# The Golden Foot of Archie McCain



## dave the dead (Jan 31, 2007)

This is something I wrote a while ago and came across recently. Not sure how this fits in to the forum, but thought there may be a few folks on here who might 'get a kick' out of it.....

The Golden Foot of Archie McCain

Archie McCain had a golden foot. His father knew it early on. Young Archie, barely able to walk, could kick his SpongeBob ball halfway across the living room. Archie's dad would smile a huge toothy grin and say proudly to his wife, "That boy has a golden foot. If he keeps kicking like that, he'll be set for life." Archie and his dad spent hours playing ball every evening, and by the time Archie was ready for kindergarten he could kick a football over the roof of his house. Every night, Archie's dad tucked him into bed and would say "Archie, that foot of yours in turning to gold. You keep kicking like that and you'll be set for life. Don't you change a thing Archie. You'll be set for life." Archie fell asleep each night dreaming of playing football and kicking the winning fieldgoal in the big game. 
The old codgers that lived on Archie's street remember him well. They would sit on their front porches on the hot summer evenings and watch Archie place kick the football up Green Street. "That boy sure can kick" they would say as they smoked their stogies and drank their Milwaukee's Best. "Yep, that foot of his is turnin' to gold." Archie spent hours upon hours kicking that football, dreaming of his chance to win the big game. 
By the time he was in junior high school, Archie's parents had to special order steel toed shoes from the Redwing store downtown. Archie spent so much time kicking the football that he kept wearing holes in the toes of his shoes. The special shoes were expensive, but not nearly as expensive as replacing a pair of lesser shoes each week. His parents had very little money, but gladly paid the extra to keep Archie's golden foot protected. "Archie, you just keep kicking," his dad would say as he tucked him into his small bed with its tattered mattress and torn sheets. "That foot of yours is turning to gold. Don't you change a thing and you'll be set for life." Archie fell asleep and dreamed of kicking the winning fieldgoal in the big game.
By the time he was in highschool, Archie had become very popular because of his golden foot. He was the youngest player ever to make the varsity squad. A gang of girls followed him everywhere, competing for the chance to be his first love. "Don't let them girls distract you Archie, " his dad warned. "If you just keep kicking, you'll get a full scholarship to college. That foot of yours is golden, Archie. Don't you change a thing and you'll be set for life." Archie knew it was true. He could see well beyond high school by now. He dreamt of college and of kicking the winning fieldgoal in the Rosebowl. Archie also knew that his parents couldn't afford to send him to college, especially now that he was wearing out the toes of his special Redwings at the rate of about a pair each season. Archie spent all his free time kicking the football, ignoring the advances of the entire cheer squad. 
On Homecoming night, the score was tied with just a few seconds left. Archie's team had the ball and it was 3rd and long. Archie trotted onto the field with confidence, knowing his time had come. Even though it was to be a 62 yard attempt, the coach knew it was in the bag. The ball was snapped, and just as he had dreamed his entire life, Archie floated the ball through the uprights, carving his name in the school record books as having kicked the longest fieldgoal ever. As he prepared to bask in the glory of the homecoming dance and dressed to go meet his date, Archie's dad helped him straighten his tie and said in a solemn tone, "Archie, now you listen to me, boy. Don't you sleep with that girl, Archie. You're almost there, boy. That foot of yours is golden, and there were college scouts watching you tonight. Don't you change a thing, and you'll be set for life. Promise me boy. Don't you mess around with that girl." Archie knew it was true. If he could just make it to college he had plenty of time then for girls. His golden foot would get him there as long as he didn't change a thing. 
The old codgers watched as Archie particed kicking the ball. They smoked their stogies and drank their Milwaukee's Best. "I swear to ya," one would say to the other," I can see sparks when that boy hammers that football. I ain't never seen nothin like it." They marveled to each other each time the ball went sailing down Green Street. 

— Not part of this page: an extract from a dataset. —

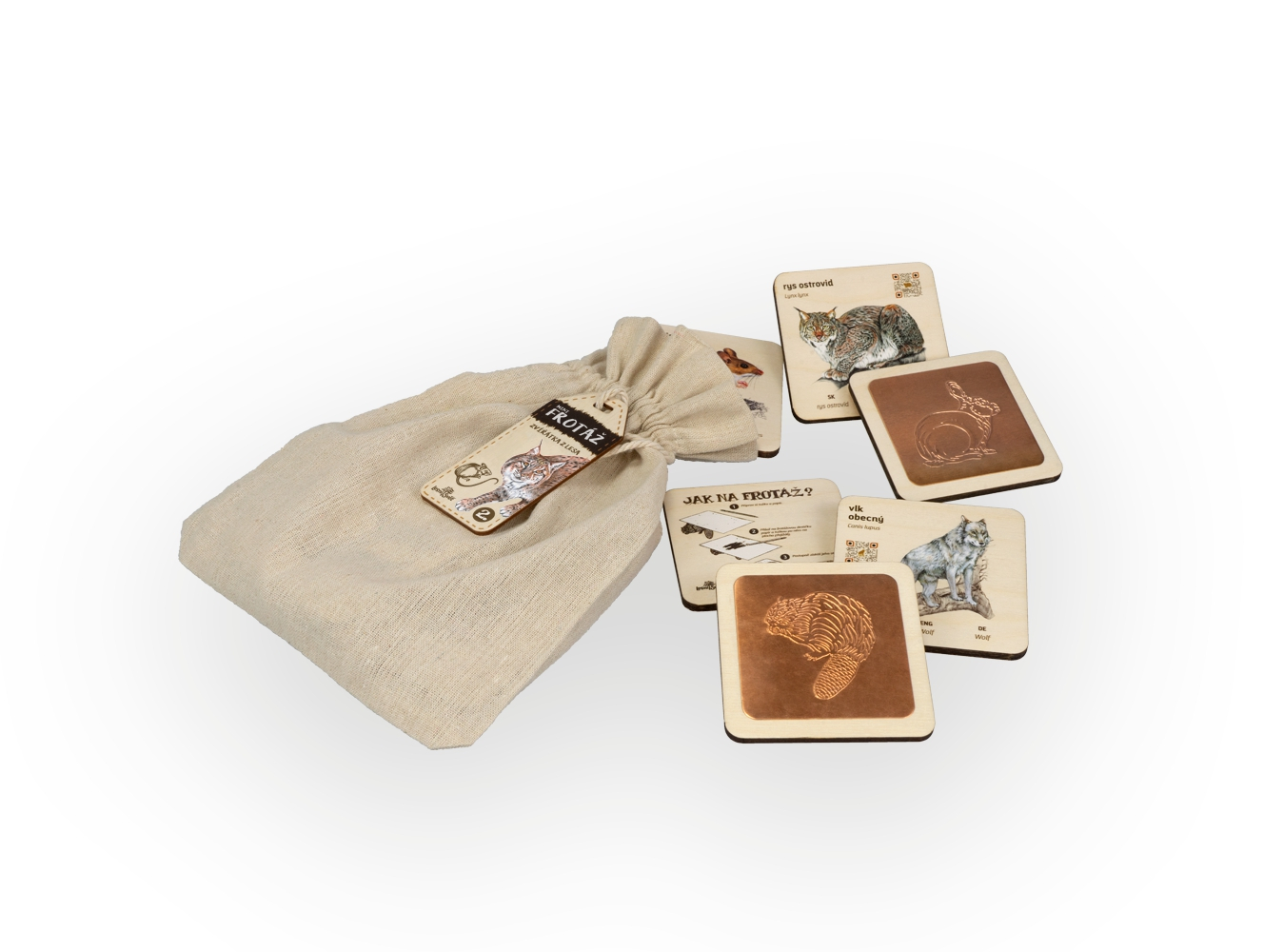 Kreativní a nápadité tvoření Frotáž je výtvarná technika, při níž se struktura nebo textura předmětu přenáší třením přes papír. Obvykle se k frotážování používá tužka, pastel, uhly nebo voskovky. Fotážování se skvěle kombinuje s dalšími výtvarnými a výukovými aktivitami. Rozvíjí smyslové vnímání, motoriku i kreativitu. Hravou formou seznamuje děti i dospělé s přírodou. Obsahuje český a latinský název Dále názvy ve slovenštině, němčině a angličtině. Frotážová sada je komplexní učební pomůcka určena pro vnitřní i venkovní výuku. Vhodná pro výuku cizích jazyků. Využívá QR kódy, které obsahují hlasy zvířat, básničky a další zajímavosti. Naše frotáže nesou ochranu průmyslového vzoru EUIPO. Frotáže z Lesního světa Balení obsahuje 10 dřevěných frotážových destiček. Dřevěnou destičku s návodem na frotážování. Rozměr destičky je 9x9 cm. Dodáváno s měděno-zinkovými nebo hliníkovými frotážovými destičkami. Součástí destiček jsou QR kódy. Zabaleno v přírodním látkovém pytlíku. České výrobky z Hradce Králové. Originální obrázky od českých ilustrátorů. Druhy zvířat: medvěd hnědý, rys ostrovid, vlk obecný, netopýr ušatý, myšice lesní, králík divoký, vydra říční, bobr evropský, muflon evropský, los evropský Jirka Novák, malíř a ilustrátor Tvoří převážně realistické kresby fauny a flóry. Ilustrátor učebních pomůcek, naučných tabulí a her s tématikou českých živočichů. Více o Jirkovi Jak na frotážování 1. Připravte si vše potřebné Budete potřebovat frotážovou destičku, čistý papír a měkkou tužku (ideálně grafitovou, alespoň HB nebo měkčí). 2. Umístěte destičku pod papír Frotážovou destičku umístěte tak, aby motiv byl v místě, kde ho chcete vykreslit. Ujistěte se, že se papír nepohybuje – můžete ho lehce přidržet rukou nebo přichytit páskou. 3. Začněte přejíždět tužkou Vezměte tužku do ruky pod mírným úhlem (šikmo) a jemně přejížděj po papíru. Nezajíždějte moc na jedno místo, spíš rovnoměrně klouzejte. 4. Dokončete obrázek Když máte celý motiv vykreslený, můžete ho ještě dozdobit, domalovat nebo zkusit jinou barvu. Každá frotáž je originál! Může se hodit Papírové bloky Nemáte po ruce prázdný papír na frotážování? Naše bloky jsou z ekologického papíru a navíc s krásnými ilustracemi. Dostupné ve velikostech A4, A5 i A6. Papírové bloky Dřevěná razítka Oblíbený doplňková, nebo navazujícíc aktivita k fotážování. Děti milují svět fantazie. S razítky snadno dotvoříte příběh na papíru i mimo něj. Razítka VšudyLEPKY Neobyčejné originální samolepky s motivy zvířat snadno doplní frotáže o nový prvek. VšudyLEPKU můžete opakovaně přemisťovat. VšudyLEPKY Aplikace Lesní svět Naučná aplikace zdarma ke stažení Destičky obsahují QR kódy Po načtení můžete přehrát zvuk zvířete Součástí je animace a krátké povídání Vyzkoušejte, co všechno umí * Aplikaci stahujte pouze z oficiálních obchodů Google Play nebo AppStore, kde je ověřená a dostupná vždy zdarma. Od jakékoliv jiné aplikace se Lesní svět distancuje a nenese žádnou zodpovědnost za její použití.

Ths scouts took notice of Archie's monumental game-winning record kick, and now took turns knocking on the McCain's front door. Over the coming month's, Archie had been visited by representatives from every Big 10 college, each extolling the virtues of their particular interest, trying to get a piece of Archie's golden foot. Archie's dad loved the attention, and spent many hours chatting with the scouts and taking advantage of their spending accounts. He never hesitated to suggest that perhaps they should discuss his boy's future over dinner, knowing that each college would try to outspend the next. "Archie, my boy'" his father now said,"you have earned your ticket to college. Now is the time for you to start thinking pro. Keep your mind on kicking and you will be set for life." 
It didn't take long before Archie became a sensation in college. The fans now cheered everytime he took the field, knowing it meant a sure 3 points no matter what the distance. His followers now made yellow cardboard cutouts to wave like a flag as they chanted his name from the stands. Archie continued to practice, continued to wear holes in his shoes, and continued to dream of kicking the winning fieldgoal in the Rose Bowl. However, in his blossoming manhood, Archie had noticed a particular young lady that soon became his steady girlfriend. They quickly became serious about each other, but Archie still dreamed of kicking and stayed true to his father's advice. He explained to her why they couldn't take their relationship to the next level, and promised that as soon as kicked the winning fieldgoal in the Rosebowl and signed a contract with the NFL, they would be married and could do whatever they pleased. "Don't you mess around with that girl." his father's advice still rang true in his ears. " Don't you change a thing Archie, and you will be set for life." His father's advice had been sound all these years, and he had followed and trusted this mantra. It had taken him this far...just a bit longer and he could share his dreams with his new found love. 
It was a phenomenal year for Archie's team. They won every game, although some did come down to a last ditch fieldgoal from rediculously long distances. In these games, the coach would laugh and send in the man with the golden foot. It was like money in the bank. Archie sliced the college records, and knew it was all coming true. His future was already written. He was set for life. Knowing this, Archie's dreams now turned to love and sex and marriage.....and kicking with his golden foot.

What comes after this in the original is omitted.